Survived–Survival {0 = No, 1 = Yes}
Pclass–Ticket Class {1 = 1st, 2 = 2nd, 3 = 3rd}
Sex–Sex {Male, Female}
Age–Age in years
SibSp–Number of Siblings / spouses aboard the Titanic
Parch–Number of Parents / children aboard the Titanic
Fare–Passenger fare
Embarked–Port of Embarking {C = Cherbourg, Q = Queenstown, S = Southampton}
titanic.df <- read.csv(paste("TitanicData.csv", sep=""))
[TASK 3a]
Total number of passengers on board the titanic=889
library(psych)
describe(titanic.df)
## vars n mean sd median trimmed mad min max range
## Survived 1 889 0.38 0.49 0.00 0.35 0.00 0.0 1.00 1.00
## Pclass 2 889 2.31 0.83 3.00 2.39 0.00 1.0 3.00 2.00
## Sex* 3 889 1.65 0.48 2.00 1.69 0.00 1.0 2.00 1.00
## Age 4 889 29.65 12.97 29.70 29.22 9.34 0.4 80.00 79.60
## SibSp 5 889 0.52 1.10 0.00 0.27 0.00 0.0 8.00 8.00
## Parch 6 889 0.38 0.81 0.00 0.19 0.00 0.0 6.00 6.00
## Fare 7 889 32.10 49.70 14.45 21.28 10.24 0.0 512.33 512.33
## Embarked* 8 889 2.54 0.79 3.00 2.67 0.00 1.0 3.00 2.00
## skew kurtosis se
## Survived 0.48 -1.77 0.02
## Pclass -0.63 -1.27 0.03
## Sex* -0.62 -1.61 0.02
## Age 0.43 0.96 0.43
## SibSp 3.68 17.69 0.04
## Parch 2.74 9.66 0.03
## Fare 4.79 33.23 1.67
## Embarked* -1.26 -0.23 0.03
[TASK 3b]
Number of passengers who survived the sinking of the Titanic=340
(since the digit 1 in the variable (survival) represents passengers survived.)
table(titanic.df$Survived)
##
## 0 1
## 549 340
[TASK 3c]
The percentage of passengers who survived the sinking of the Titanic=38%
survived1 <- with(titanic.df, table(Survived))
prop.table(survived1)
## Survived
## 0 1
## 0.6175478 0.3824522
prop.table(survived1)*100
## Survived
## 0 1
## 61.75478 38.24522
[TASK 3d]
The number of first-class passengers who survived the sinking of the Titanic=134.

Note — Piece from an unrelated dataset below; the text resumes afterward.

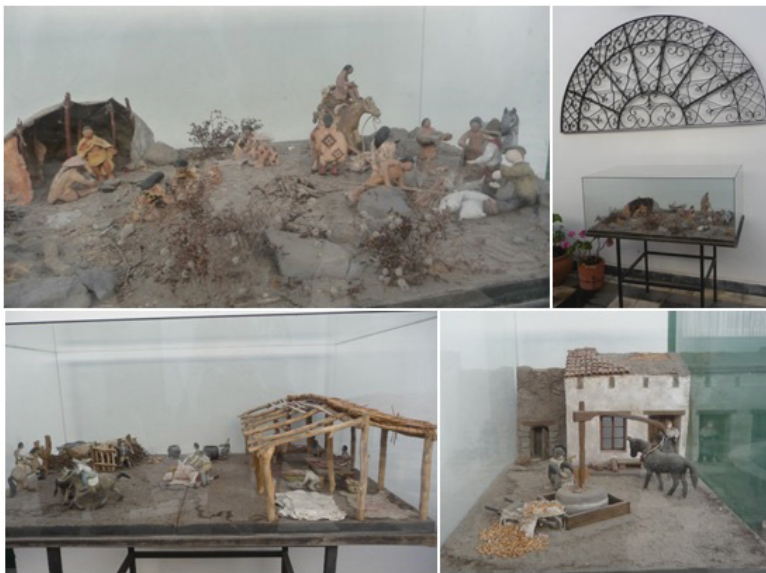
Figura 5: Arriba, maqueta que representa la vida en un toldo indígena y ubicación del modelo sin texto explicativo. Abajo, maquetas restantes referidas al funcionamiento del saladero y de una tahona

e intercambios con algunos individuos vestidos como criollos y de tono de piel más claro, lo que da cuenta de los mestizajes presentes en estos enclaves fronterizos.

task3d <- xtabs(~ Survived+Pclass, data=titanic.df)
addmargins(task3d)
## Pclass
## Survived 1 2 3 Sum
## 0 80 97 372 549
## 1 134 87 119 340
## Sum 214 184 491 889
[TASK 3e]
The percentage of first-class passengers who survived the sinking of the Titanic=15%
task3e <- with(titanic.df, table(Survived,Pclass))
prop.table(task3e)
## Pclass
## Survived 1 2 3
## 0 0.08998875 0.10911136 0.41844769
## 1 0.15073116 0.09786277 0.13385827
prop.table(task3e)*100
## Pclass
## Survived 1 2 3
## 0 8.998875 10.911136 41.844769
## 1 15.073116 9.786277 13.385827
[TASK 3f]
The number of females from First-Class who survived the sinking of the Titanic=89
task3f <- xtabs(~ Pclass+Sex+Survived, data=titanic.df)
task3f
## , , Survived = 0
##
## Sex
## Pclass female male
## 1 3 77
## 2 6 91
## 3 72 300
##
## , , Survived = 1
##
## Sex
## Pclass female male
## 1 89 45
## 2 70 17
## 3 72 47
[TASK 3g]
The percentage of survivors who were female=26%
task3g <- xtabs(~ Survived+Sex, data=titanic.df)
prop.table(task3g)
## Sex
## Survived female male
## 0 0.09111361 0.52643420
## 1 0.25984252 0.12260967
prop.table(task3g)*100
## Sex
## Survived female male
## 0 9.111361 52.643420
## 1 25.984252 12.260967
[TASK 3h]
The percentage of females on board the Titanic who survived=74%
prop.table(task3g,2)
## Sex
## Survived female male
## 0 0.2596154 0.8110919
## 1 0.7403846 0.1889081
prop.table(task3g,2)*100
## Sex
## Survived female male
## 0 25.96154 81.10919
## 1 74.03846 18.89081
[TASK 3i]
Run a Pearson’s Chi-squared test to test the following hypothesis:
Hypothesis: The proportion of females onboard who survived the sinking of the Titanic was higher than the proportion of males onboard who survived the sinking of the Titanic.
chisq.test(task3g)
##
## Pearson's Chi-squared test with Yates' continuity correction
##
## data: task3g
## X-squared = 258.43, df = 1, p-value < 2.2e-16
As the value of p is less than 0.01 it is safe to reject the null hypothesis.